* [Exercise requirements] What lines below include the word "Diamond"? Copy each one.

[Available data Boundary: Start]

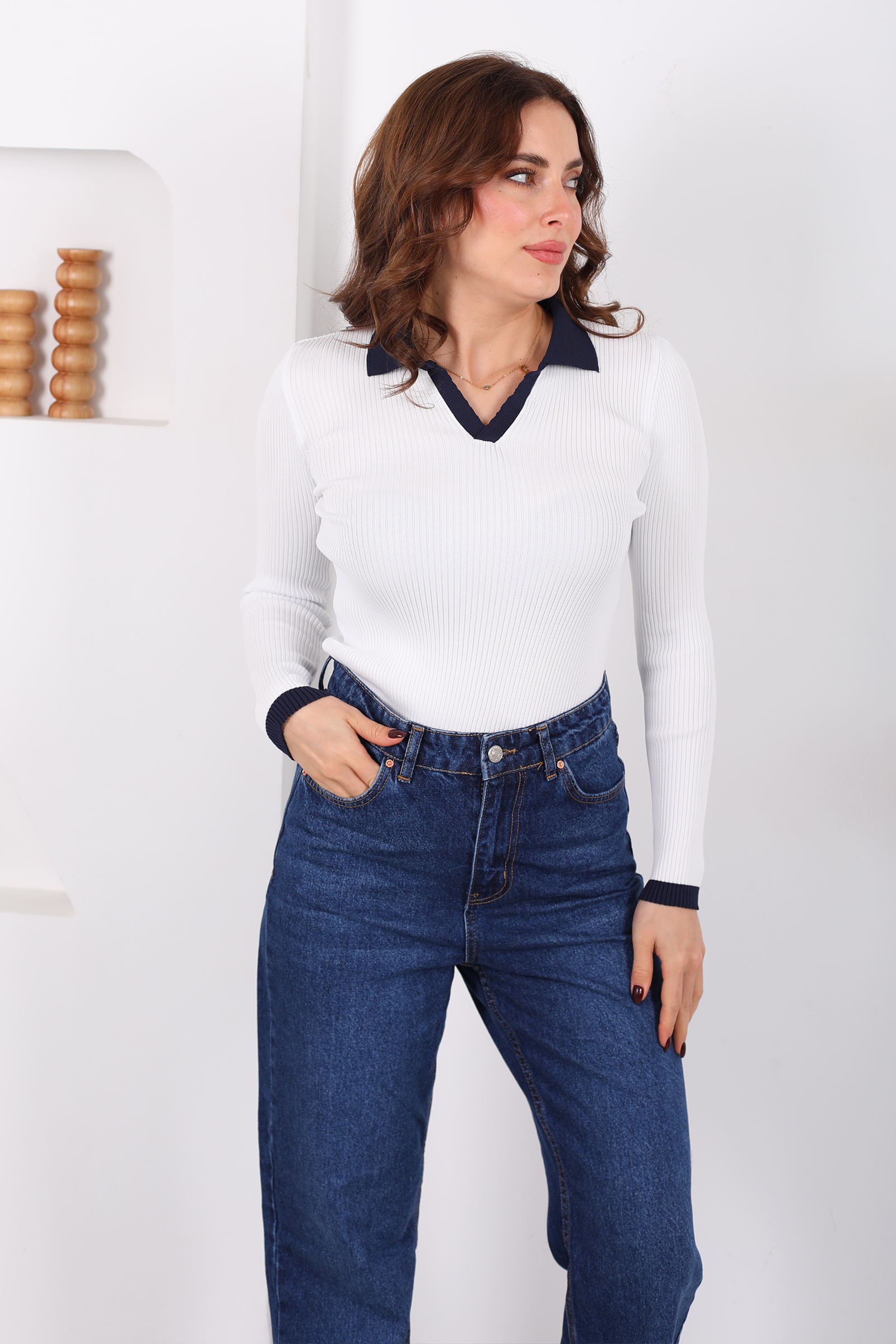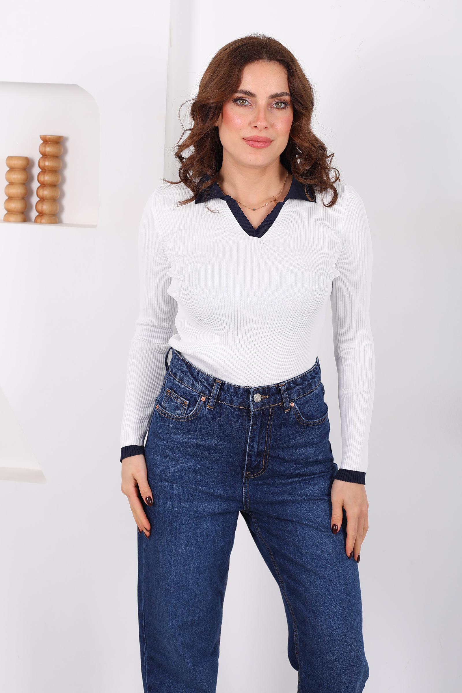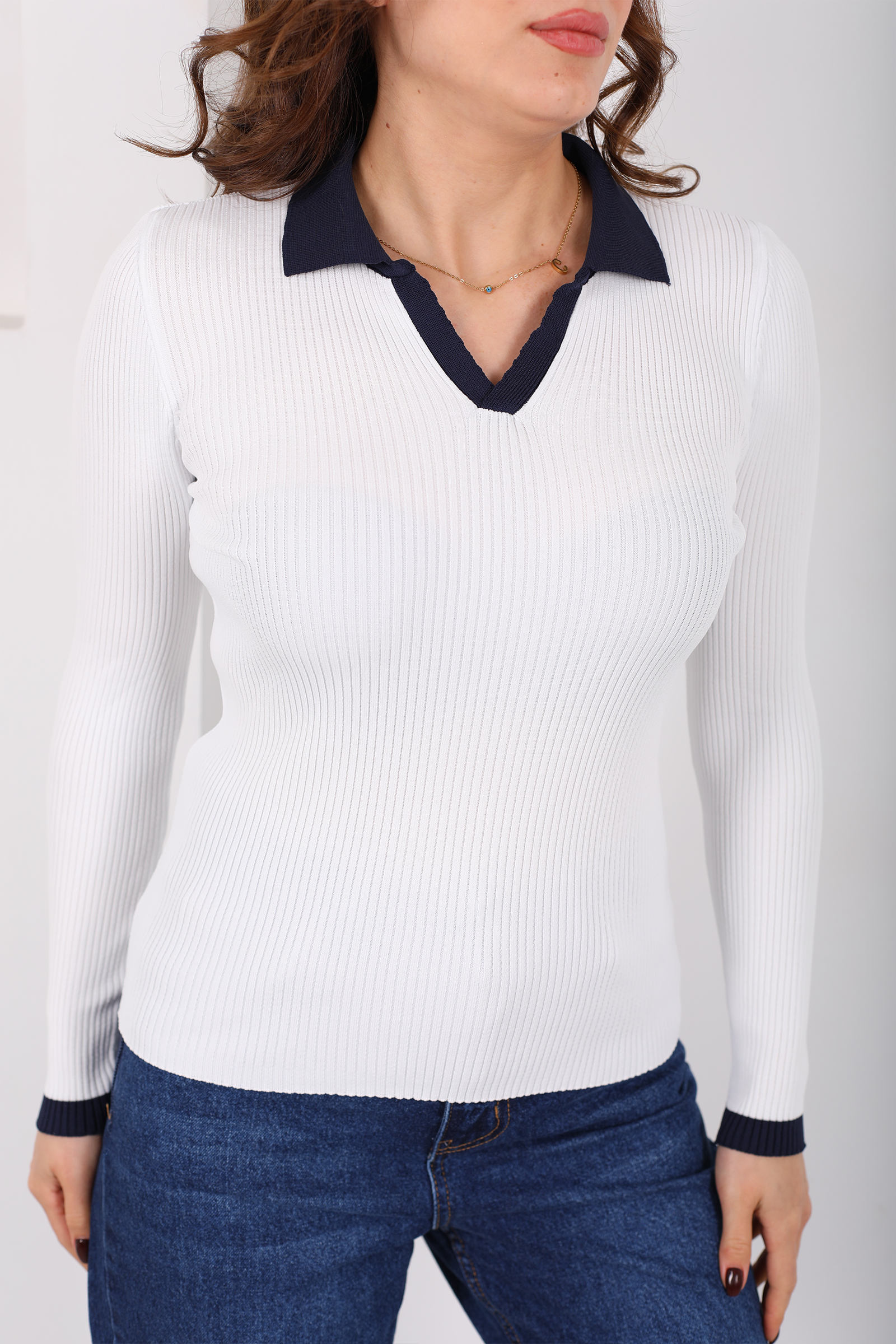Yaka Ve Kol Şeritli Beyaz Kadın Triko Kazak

[Available data Boundary: End]
[Available data Boundary: Start]

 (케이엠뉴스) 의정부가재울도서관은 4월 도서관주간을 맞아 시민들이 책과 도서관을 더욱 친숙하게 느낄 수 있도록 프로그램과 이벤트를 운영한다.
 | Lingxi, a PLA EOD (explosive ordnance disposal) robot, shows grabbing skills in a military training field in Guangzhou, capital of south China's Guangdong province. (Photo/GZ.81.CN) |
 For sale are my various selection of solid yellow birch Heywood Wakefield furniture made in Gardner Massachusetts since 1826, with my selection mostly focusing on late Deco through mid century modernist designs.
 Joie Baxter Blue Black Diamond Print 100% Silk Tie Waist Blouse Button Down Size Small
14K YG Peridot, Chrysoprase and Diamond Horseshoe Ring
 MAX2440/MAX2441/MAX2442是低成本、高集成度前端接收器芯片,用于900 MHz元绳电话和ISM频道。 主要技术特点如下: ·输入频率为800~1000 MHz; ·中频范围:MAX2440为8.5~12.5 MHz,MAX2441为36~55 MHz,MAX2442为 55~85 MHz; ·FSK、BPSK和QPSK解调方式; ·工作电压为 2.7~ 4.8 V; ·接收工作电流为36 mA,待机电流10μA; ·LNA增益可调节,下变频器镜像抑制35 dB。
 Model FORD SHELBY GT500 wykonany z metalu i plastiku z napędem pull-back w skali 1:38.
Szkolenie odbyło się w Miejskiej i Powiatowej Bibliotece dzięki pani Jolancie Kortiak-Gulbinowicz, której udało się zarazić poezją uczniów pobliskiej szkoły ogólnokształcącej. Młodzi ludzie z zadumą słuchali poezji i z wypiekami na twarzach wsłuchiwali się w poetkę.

[Available data Boundary: End]

* [Result of this exercise]
 Joie Baxter Blue Black Diamond Print 100% Silk Tie Waist Blouse Button Down Size Small
14K YG Peridot, Chrysoprase and Diamond Horseshoe Ring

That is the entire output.